One day in Borders, I happen to see a book called the Blood Type Diet which spoke of the very weaknesses and strengths I have and that’s what lead me to read further and eventually give up dairy and wheat. 12 lbs. fell off in a few months. I started very gradually, nothing drastic at all. Over the next year another 6 pounds disappeared, but more importantly, my thirst problem gradually improved. After the first few months I found I wasn’t quite as thirsty and tried cutting back to 3 pills a day instead of 4. Then a few months later I reduced by another, then another. So now I take one pill for thirst a day and am hopeful that some day I won’t need any. This is simply amazing to me since I’ve struggled for 8 years with this issue (Salivary glands shut down. At one point I was drinking 3 gallons of water a day).
Who would think, after visiting all the specialists you can think of, that diet alone would help resolve it? Doctors cannot explain to me why I have this problem and i have the feeling they wouldn’t believe me if I told them what helped. I think they’d just say it was a coincidence. NOT! I would still like to lose more weight, but my focus has shifted to good health instead of a number on a scale. Now I get really hungry for the next meal, which is a great feeling. I don’t feel bloated because I’m eating foods that are easy for my body (blood type) to digest. It’s difficult, but well worth it to me. “
So, I have decided to try the blood type diet again.

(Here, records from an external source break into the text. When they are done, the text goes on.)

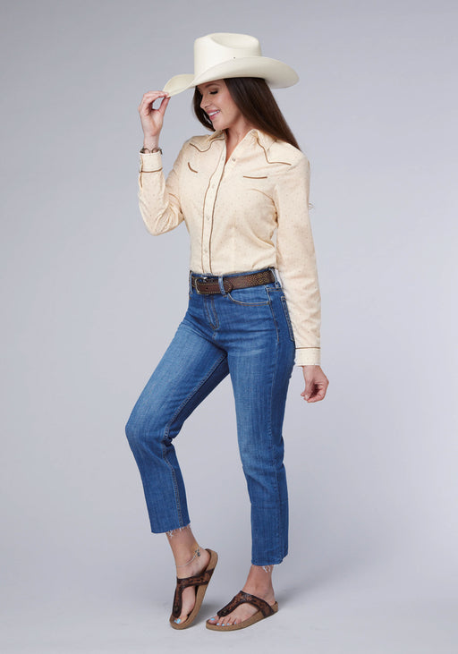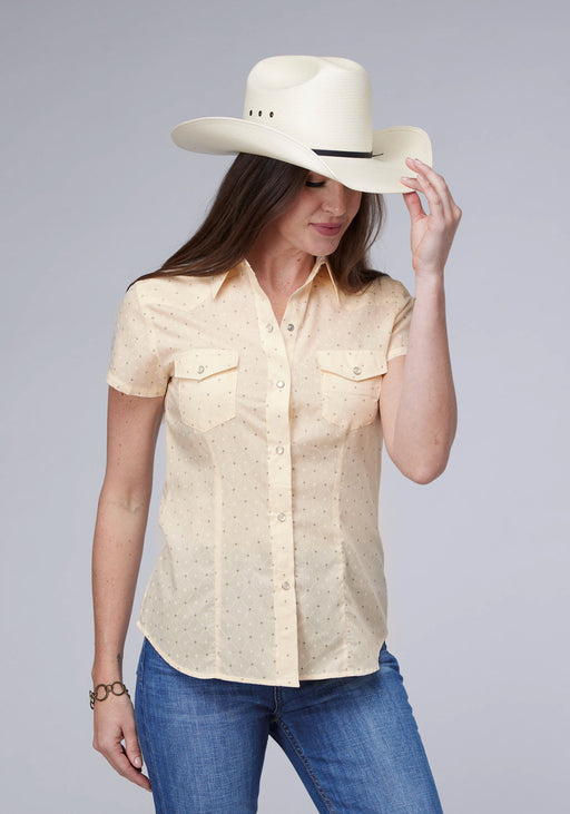 Roper Womens Diamond Wallpaper Cream Cotton Blend S/S Shirt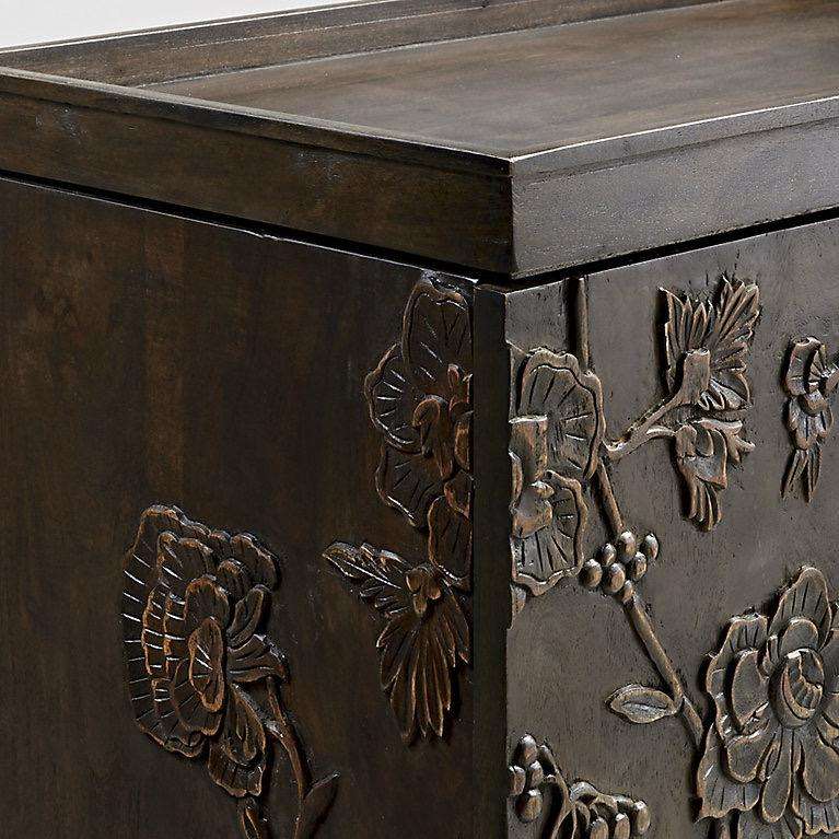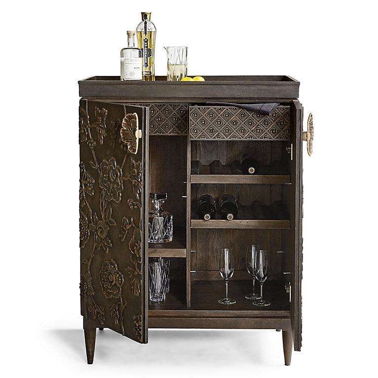 Dark Wood Modular Living Room Cabinet with Embossed Floral Door Designs Modern Rustic Style for Wine Spirits Wholesale Available
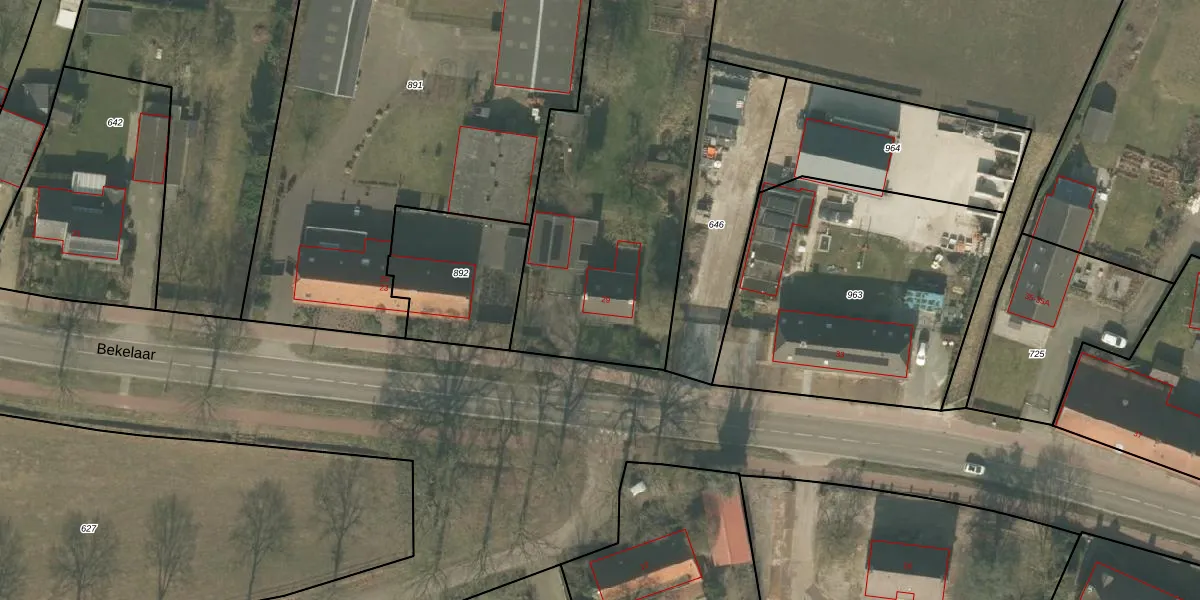 Het perceel waarop Bekelaar 29 staat heeft een oppervlakte van 3885 m². Dit is een zeer groot perceel. De perceeloppervlakte wordt geregistreerd door het Kadaster. Gedetailleerde informatie over de maten van dit perceel kunt u vinden in het rapport Kadastrale kaart met maatvoering van Bekelaar 29.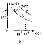12.在不同温度下,水达到电离平衡时c(H+)与c(OH-)的关系如图4所示,下列说法正确的是 ( )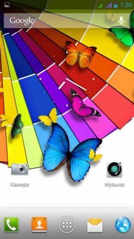 На главном рабочем столе нет ничего лишнего. Вверху располагается поисковая строка Google, в нижней части рабочего стола находятся иконки камеры и музыкального плеера. Разумеется, пользователь может самостоятельно настраивать рабочие столы, удаляя и добавляя иконки различных приложений.

Sharon and I happen to both be Type O, so I got lots of tips from her. Yesterday we went shopping together at Trader Joe’s and I bought things like rice pasta, organic blueberry preserves and rice cakes. She brought me flax and millet bread and chips to try. They are actually quite awesome!
Exercise is a critical element in health. The older I get the more I understand how true that is. My problem with exercise is that I have Fibromyalgia (my son-in-law Jesse calls it “Fiberglass Algae”). I ache or hurt somewhere in my body most of the time, but especially after any kind of exercise and particularly in the morning. I was going to Curves for awhile this past year but since Attila totaled the car in May I don’t have the transportation to get there. My alternative is this exercyclerowertypetorture machine that sits in my parlor wickedly taunting me every time I walk by. I can do ten minutes on the black metal creature and then I feel like jello and just want to get in bed. I “did it” yesterday and still hold out hope that I will make myself do it later today after my family leaves (my brother Rhys and nephew Jake are in town and we are having an impromptu family gathering).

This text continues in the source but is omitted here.